Dans la première partie, non seulement Jarrett s'inspire de ses voyages, semble-t-il, mais il en crée aussi de nouveaux au fur et à mesure qu'ils se produisent. Cette musique commence dans une étreinte intime, dans la tessiture medium du piano, de sorte que lorsque les notes aiguës commencent à happer notre attention, nous les ressentons avec acuité : un picotement dans la colonne vertébrale, un tintement à l'arrière du cerveau, un sursaut dans les battements de notre cœur. Jarrett traverse des eaux plus calmes, rattrapant la mélodie errante dans son filet. L'atmosphère est aussi méditative que celle d'Osaka et atteint cet état grâce à une accumulation d'énergie, dont la libération se trouve dans son flot continu. A chaque strate, nous nous rapprochons d'un centre aux allure d’hymne, à travers lequel s'articule un océan de souvenirs. Certains sont ludiques, d'autres encombrants, mais tous sont profondément significatifs du moment présent, comme un portrait subjectif de la musique personnifiée. Nous émergeons de cette rêverie enjouée revêtus de nouveaux vêtements sonores, cousus par un mélodiste hors-pair.

La deuxième partie s'ouvre sur une longue ballade. Jarrett propose ici une forme particulièrement astucieuse, trouvant dans chaque note le potentiel pour un millier d'autres. Dans sa simplicité, il respire une foule de récits environnants, tous plus impliqués et plus narratifs les uns que les autres. Avec ce spectacle, Jarrett montre que même dans ses moments les plus contemplatifs, il est tout feu tout flamme. Alors qu'il oscille entre les registres inférieurs et supérieurs, il s'abandonne à des palpitations transcendantes, comme pour interrompre notre repos avec la promesse d’une transmigration. Un chemin réservé et prudent, dans lequel les pas laissent des traces permanentes de leur passage. 
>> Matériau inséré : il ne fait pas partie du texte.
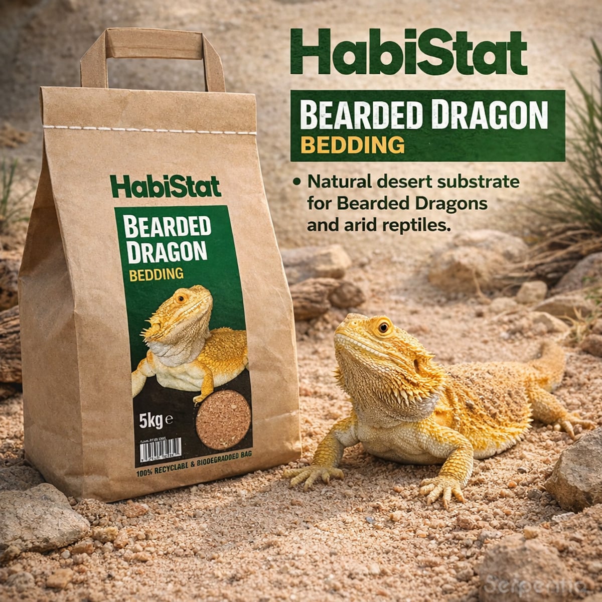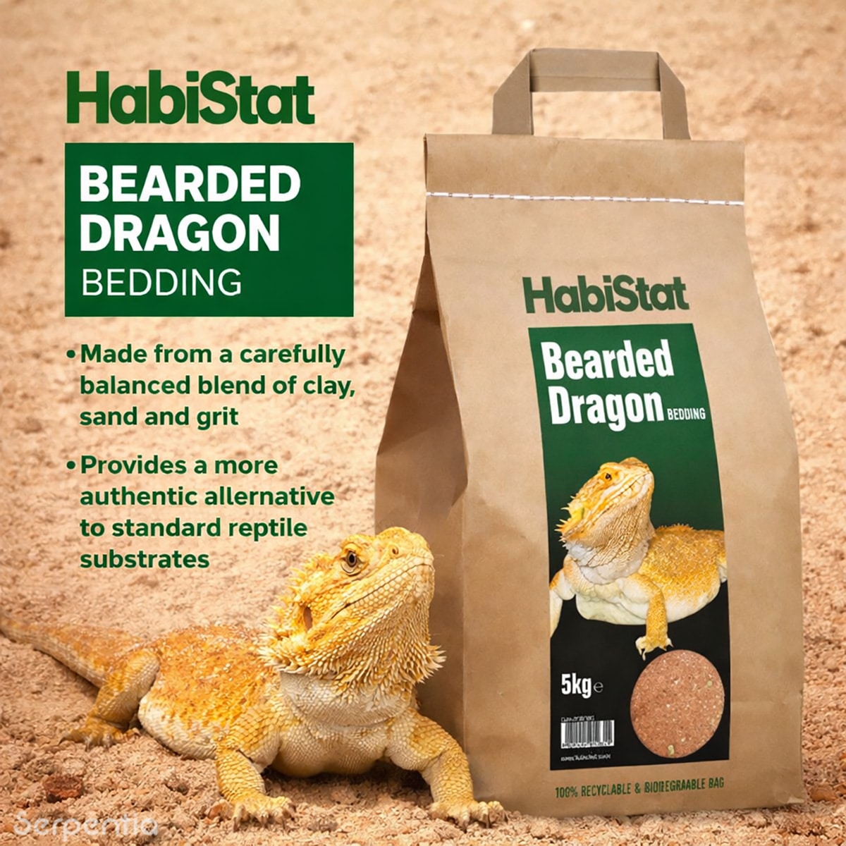 HabiStat Bearded Dragon Bedding is free from artificial additives and is supplied in a 100% recyclable and biodegradable paper bag, reducing environmental impact while maintaining product freshness.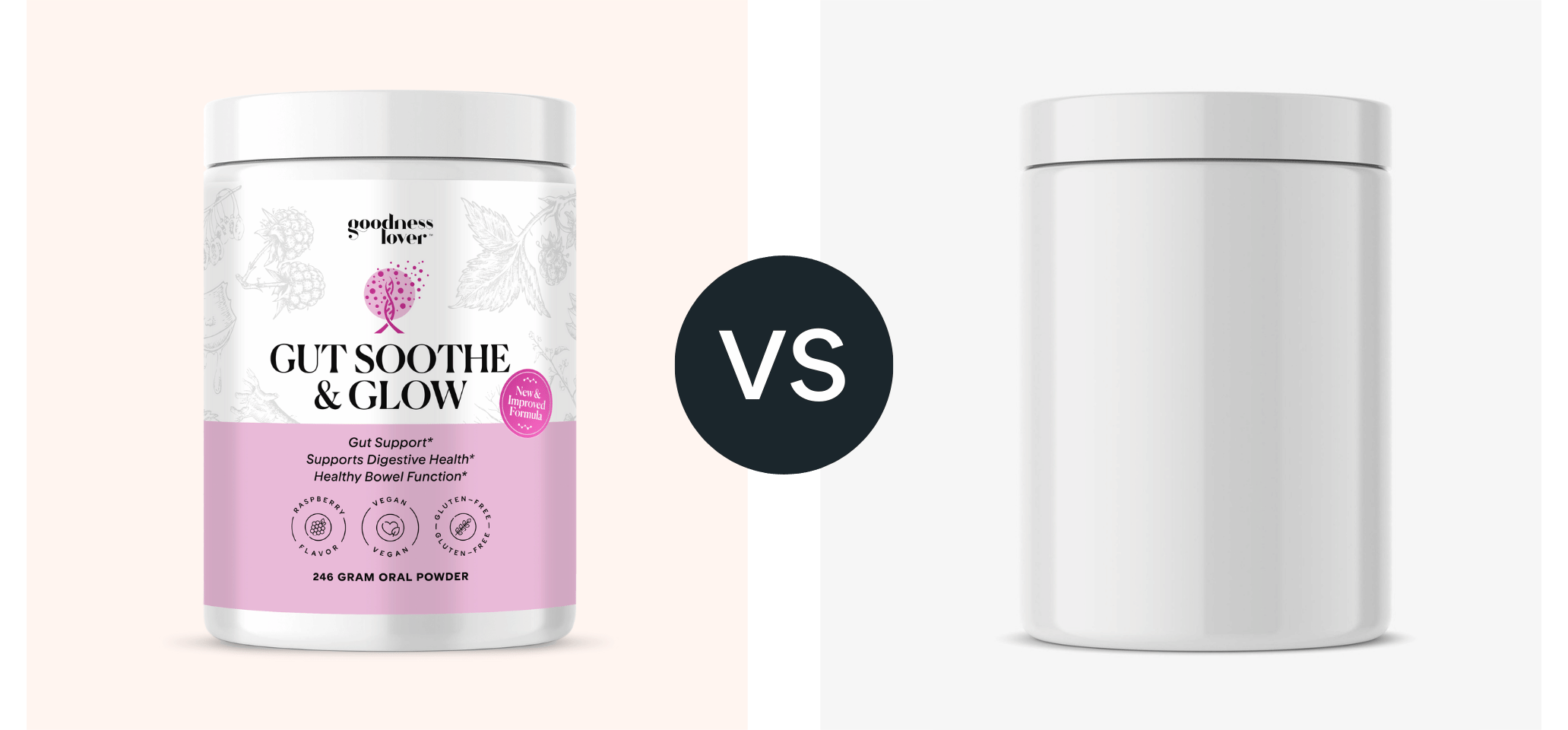 Experience a fresh new flavor you’ll actually crave. After extensive experimentation and taste-testing, Gut Soothe & Glow now features a refreshingly light raspberry–mixed berry profile that’s delicious in water, smoothies, or tea.
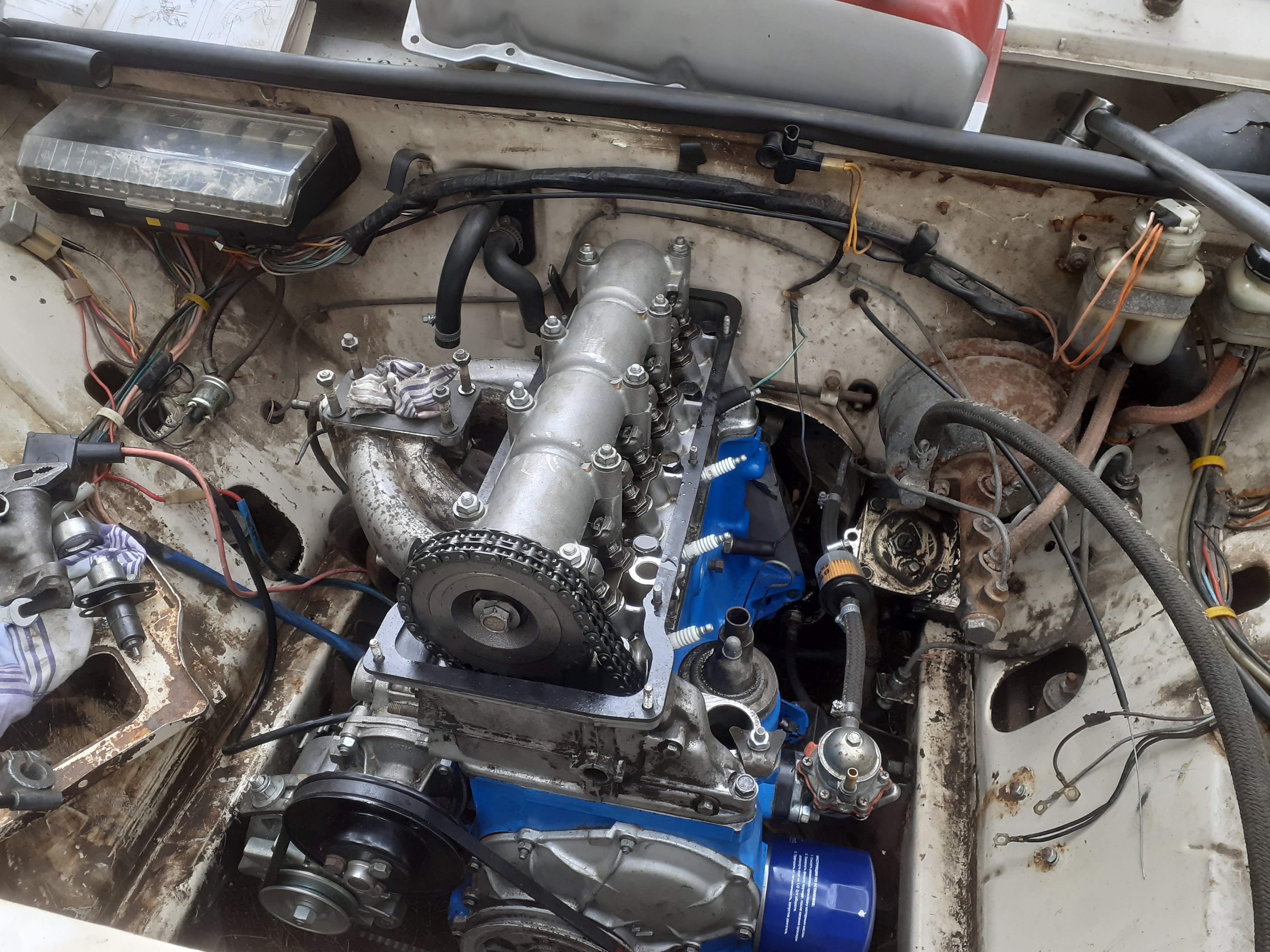 Päivitellääs kuulumisia tännekin, vaikkei nyt mitään sen kummempaa ole tapahtunutkaan. Keväällä 2022 otin auton taas ulos tallista ja aloittelin taas hommat. PV:llä siirryttiin taas normilomarytmiin, niin pääsi aina viikonloppuisin kotio rassaamaan Ladaa. Pääasiassa tuli tehtyä loppukasaamista ja muita pieniä juttuja. Sekä tuli yritettyä säätää nuo ajoitukset, venat yms. Mutta kun ei tieto ja taidot enään riitä, niin asia eteni erittäin hitaasti ja lopulta taas jämähti. Kesällä sitten pääsin reserviin ja tuli tehtyä muita hommia, joten senkin puolesta projekti ei paljoa edennyt.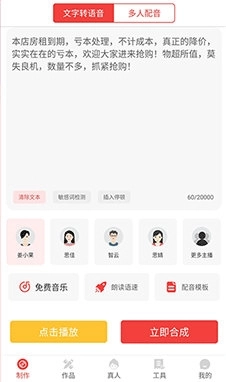 4、點(diǎn)擊制作,能夠在平臺里隨意的設(shè)置音量、語速和音調(diào)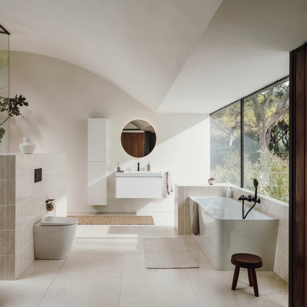 Fineceramic®, compus din 100% ceramic, confera lavoarului o usurinta cu 40% mai mare si o rezistenta cu 30% mai sporita, oferind un echilibru perfect intre durabilitate si estetica. Cu finisajul alb mat, acest lavoar emana o simplitate eleganta, in timp ce politele laterale adauga o nota practica pentru depozitare.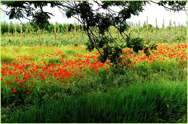 En ce printemps mitigé, l'artère bucolique du Gagne-Pain se refait quand même une beauté rouge vif. Semés par le vent et arrosés par la pluie, les coquelicots obéissant à des cycles qui m'échappent. Ils se répandent au hasard, rarement au même endroit que l'an précédent. Un champ se couvre soudain de flaques écarlates. Dame Nature saigne, souffre avec majesté ! J. P.

Tokyo, le 14 novembre 1976

Comme pour imiter la géographie de ses voyages à travers le Japon, la musique trouve son propre moteur dans la première partie, restituant à travers des méandres longs et variés le cœur profond de la métropole. On peut imaginer, après ce début tout en douceur, que Jarrett raconte l'histoire d'une jeunesse qui aurait mal tourné, d'un amour interrompu et reformé de façon inattendue. Sur l'un de ses ostinatos les plus attachants, qu'il tire et étire au maximum de ses capacités, Jarrett peint une forêt de visages ouvrant la bouche sans parler. Au fil du temps, les arbres se fondent dans une énergie musicale plus séductrice, se déployant dans ce que je l’on peut décrire comme une agression passionnée pour aboutir à une fin extatique et réconfortante.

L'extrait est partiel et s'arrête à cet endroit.